Task goal => Only the lines from the one with "园林工人在高要区明珠广场安装马年景观造型。图源高要区住建局(城管局)" to the end of the listing below should be set down, exactly as written and without any pictures.

Collected material =>
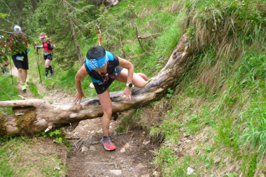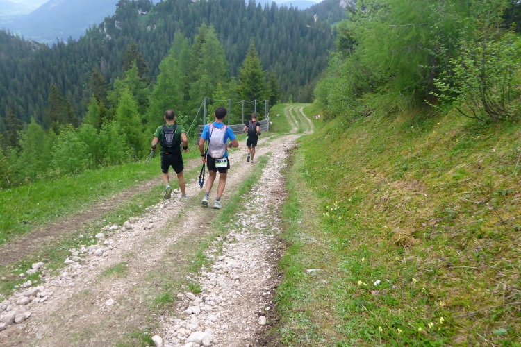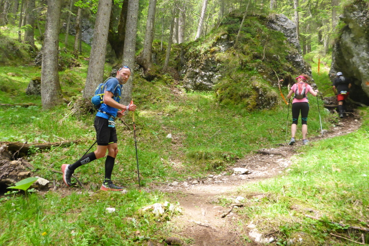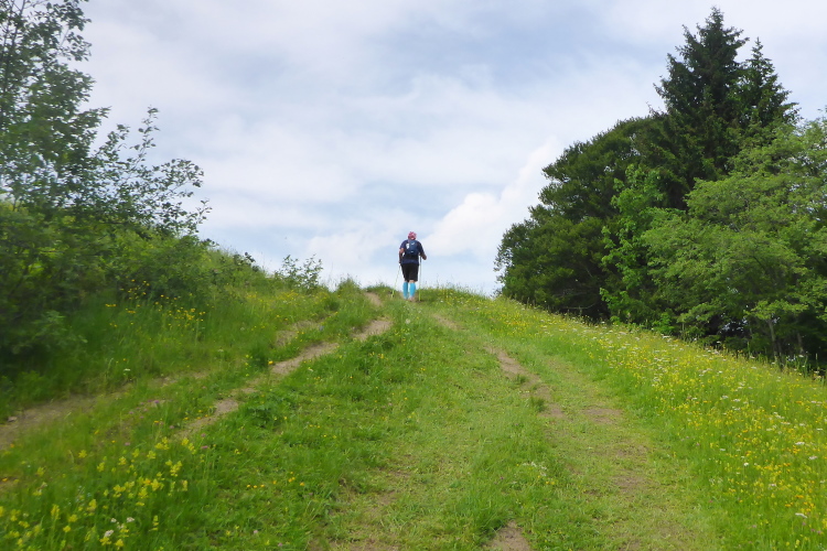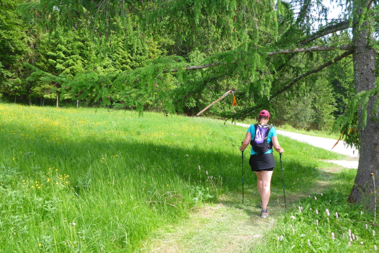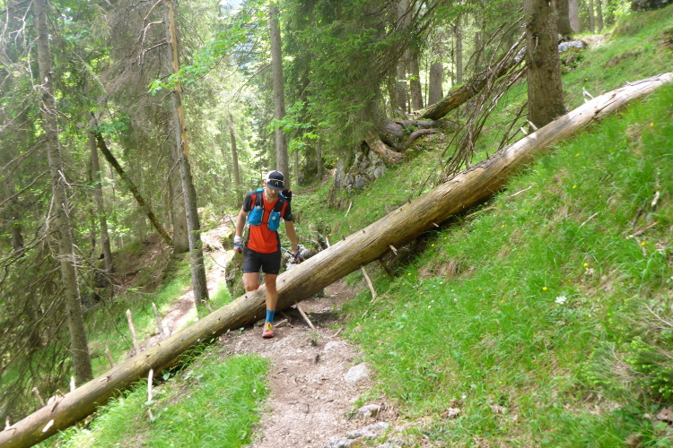 Nach kurzer Pause und Auffüllen meines Getränkevorrats laufe ich weiter. Die nächste VP wird erst in 15 km und mehreren hundert Höhenmetern sein. Mittlerweile ist es schon sehr warm geworden. Auf dem breiten geschotterten Weg komme ich gut voran. Ich bin in netter Gesellschaft mit einer Läuferin aus Norddeutschland. Plötzlich fällt die Strecke unvermittelt in genau dem richtigen Gefälle, so dass ich es gut laufen lassen kann. Gerade noch rechtzeitig erkenne ich einen Pfeil nach rechts auf einen schmalen Bergabtrail. Uff, ich muss bremsen, hohe Stufen und Steine erschweren das Laufen, wegen des Knöchels traue ich mich auch nicht so recht hinunter zu springen.
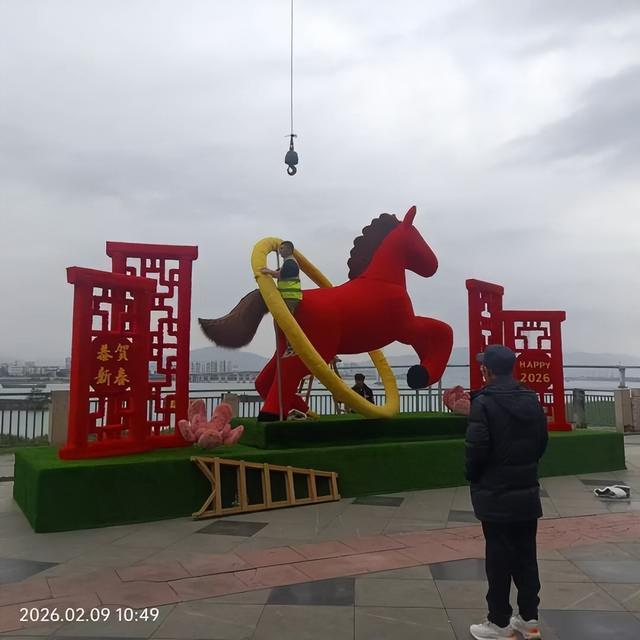 园林工人在高要区明珠广场安装马年景观造型。图源高要区住建局(城管局)
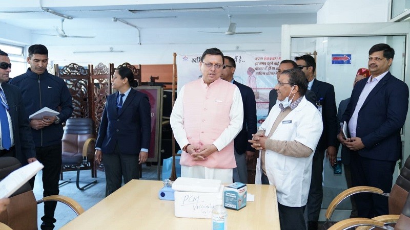सीएम धामी ने सचिवालय पहुंचकर बूस्टर डोज के लिए लगाए गए कैम्प का लिया जायज़ा
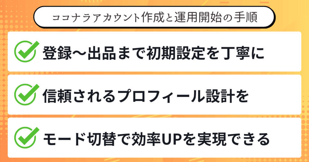 ここからは、ココナラで実際に活動を始めるためのアカウント作成〜運用開始までの実務ステップを解説します。

Task response =>
 园林工人在高要区明珠广场安装马年景观造型。图源高要区住建局(城管局)
सीएम धामी ने सचिवालय पहुंचकर बूस्टर डोज के लिए लगाए गए कैम्प का लिया जायज़ा
 ここからは、ココナラで実際に活動を始めるためのアカウント作成〜運用開始までの実務ステップを解説します。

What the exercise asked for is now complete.